> **TASK DIRECTIONS**: A verbatim reproduction of the following listing is required; omit the pictures.
++++++++
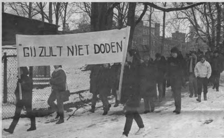
En gij zult ook niet met sneeuwballen gooien.

De wet van 1989 versoepelde de aanvraagprocedure. De termijn tussen de aanvraag en de indiensttreding bedraagt momenteel zowat vijf maanden. Konkreet verloopt de procedure als
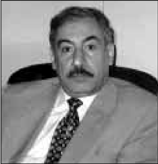
حميد سعيد (القدس العربي)
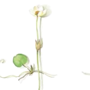
Froschbiß Kanne groß Frogbite Pot large
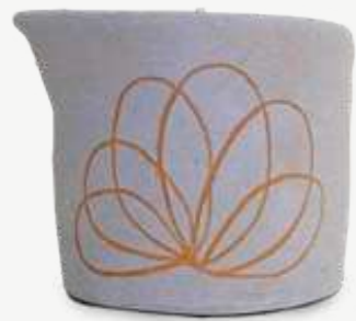
Size: 100 g
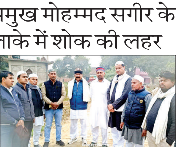
पूर्व ब्लॉक प्रमुख के इंतकाल पर पहुंचे सपा नेता।
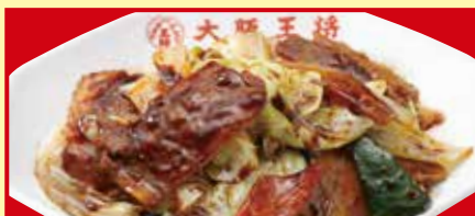
ホイコーロー 税込790円
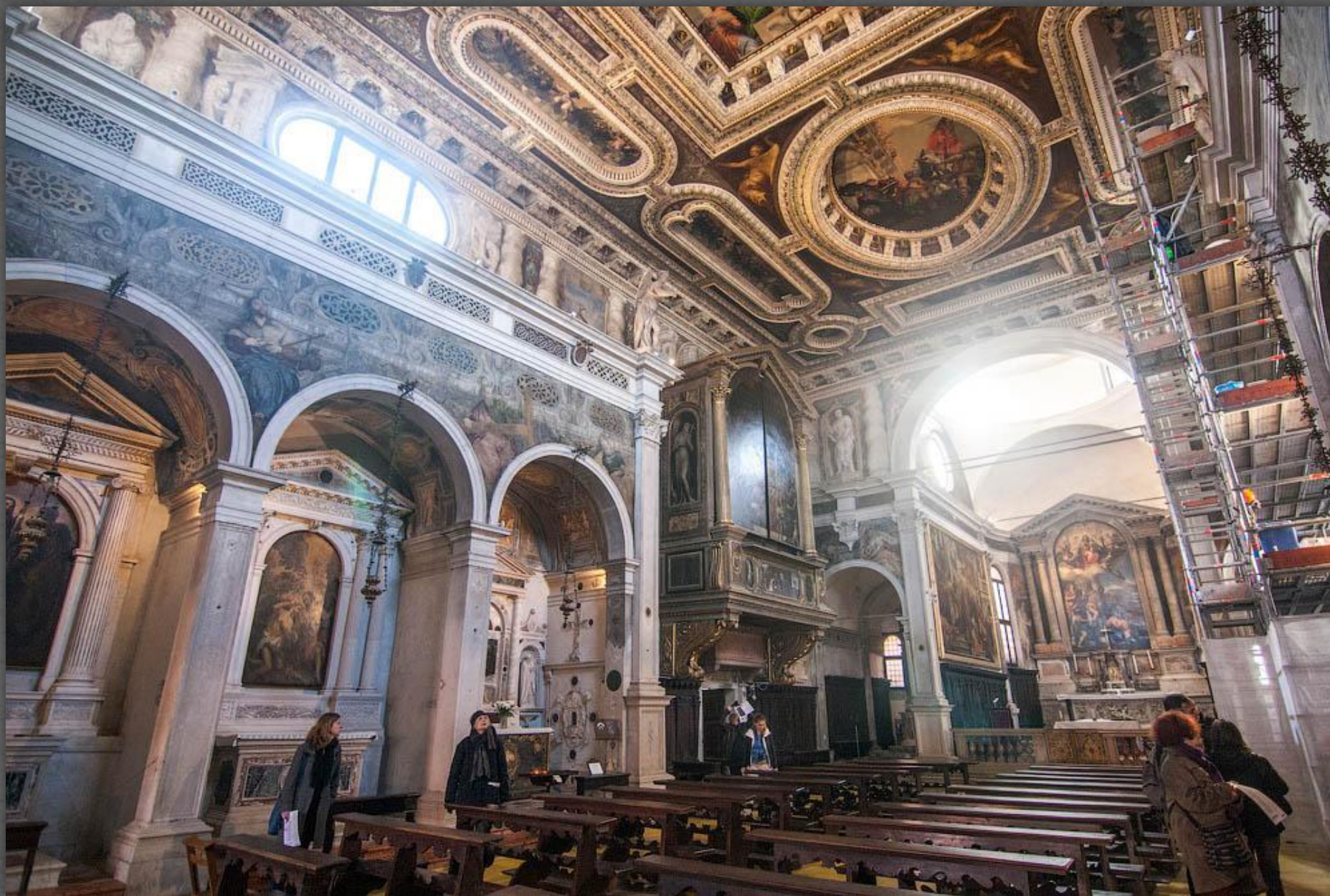
Потолок церкви Сан- Себастьяно
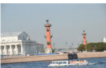
De to gamle fyrterne ved Marinemuseet
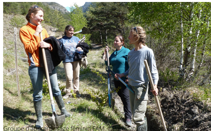
Groupe d'apprentissage féminin FAM.
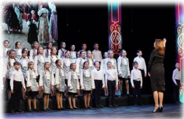
Участие сводного хора в Пасхальном концерте под патронатом Владыки Сергия, Митрополита Самарского и Новокуйбышевского
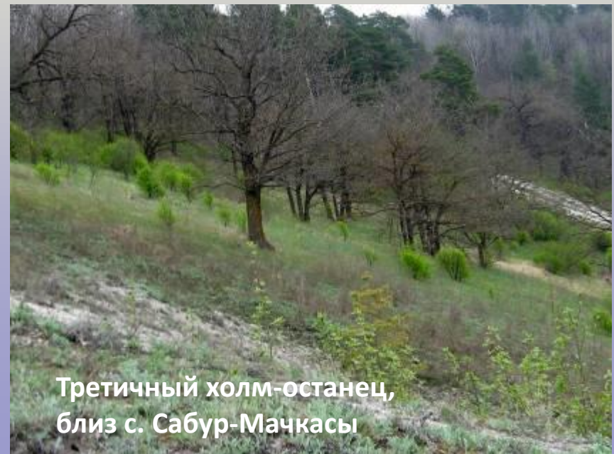
Третичный холм-останец, близ с. Сабур-Мачкасы
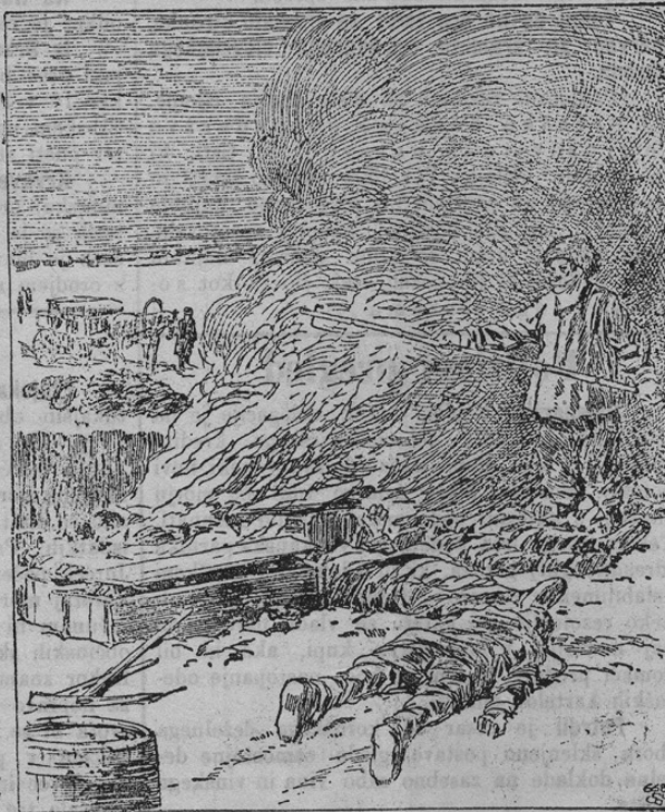
Verbrennung von Pestleichen in Erdgruben.

Prav hudo od kuge prizadeta je tudi pokrajina Mandžurija. Mrliči so v celih kupicah po cestah razloženi. Veliki mrz je preprečil, da bi segnili. Ali zdaj pribaja spomlad, mrz ponehava in treba je na kugi umrle mrliče proč spraviti. Zato so jih pričeli v Mandžuriji sežigati. V ta namen napravijo velike jame, v katere namečejo mrliče in jih sežgejo. Naša slika kaže to žalostno sežiganje. Baje se je že nad 10.000 mrličev sežgalo in še jih leži polno okoli. Evropski zdravniki so mnenja, da se bode grozovita kuga v spomladu po Kitajskem še huje razširila. V teh poldivjih pokrajinah manjka ravno vseh priprav, da bi se razširjenje kuge omejilo.
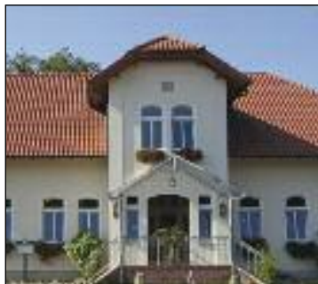
Restaurant Hotel "Pfauenhof"

Inh. Stefan Schröer Projektbetreuung GmbH Bunner Straße 1 - 49632 Essen i. O. Telefon: 0 54 31 - 9 68 80 Telefax: 0 54 31 - 96 88 78 info@pfauenhof-online.de www.pfauenhof-online.de
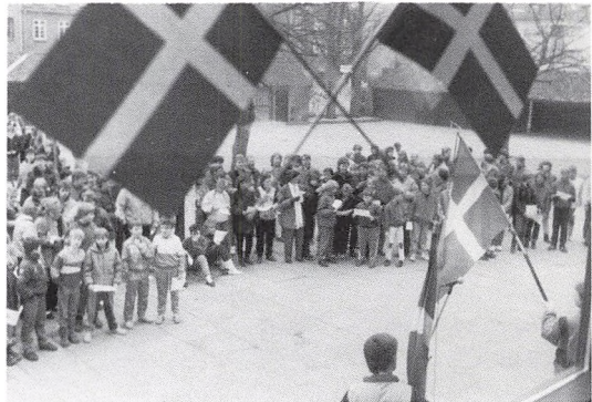
Fra skolens 70 årsdag
++++++++
> **WRITTEN REPLY**:
En gij zult ook niet met sneeuwballen gooien.

De wet van 1989 versoepelde de aanvraagprocedure. De termijn tussen de aanvraag en de indiensttreding bedraagt momenteel zowat vijf maanden. Konkreet verloopt de procedure als
حميد سعيد (القدس العربي)
Froschbiß Kanne groß Frogbite Pot large
Size: 100 g
पूर्व ब्लॉक प्रमुख के इंतकाल पर पहुंचे सपा नेता।
ホイコーロー 税込790円
Потолок церкви Сан- Себастьяно
De to gamle fyrterne ved Marinemuseet
Groupe d'apprentissage féminin FAM.
Участие сводного хора в Пасхальном концерте под патронатом Владыки Сергия, Митрополита Самарского и Новокуйбышевского
Третичный холм-останец, близ с. Сабур-Мачкасы
Verbrennung von Pestleichen in Erdgruben.

Prav hudo od kuge prizadeta je tudi pokrajina Mandžurija. Mrliči so v celih kupicah po cestah razloženi. Veliki mrz je preprečil, da bi segnili. Ali zdaj pribaja spomlad, mrz ponehava in treba je na kugi umrle mrliče proč spraviti. Zato so jih pričeli v Mandžuriji sežigati. V ta namen napravijo velike jame, v katere namečejo mrliče in jih sežgejo. Naša slika kaže to žalostno sežiganje. Baje se je že nad 10.000 mrličev sežgalo in še jih leži polno okoli. Evropski zdravniki so mnenja, da se bode grozovita kuga v spomladu po Kitajskem še huje razširila. V teh poldivjih pokrajinah manjka ravno vseh priprav, da bi se razširjenje kuge omejilo.
Restaurant Hotel "Pfauenhof"

Inh. Stefan Schröer Projektbetreuung GmbH Bunner Straße 1 - 49632 Essen i. O. Telefon: 0 54 31 - 9 68 80 Telefax: 0 54 31 - 96 88 78 info@pfauenhof-online.de www.pfauenhof-online.de
Fra skolens 70 årsdag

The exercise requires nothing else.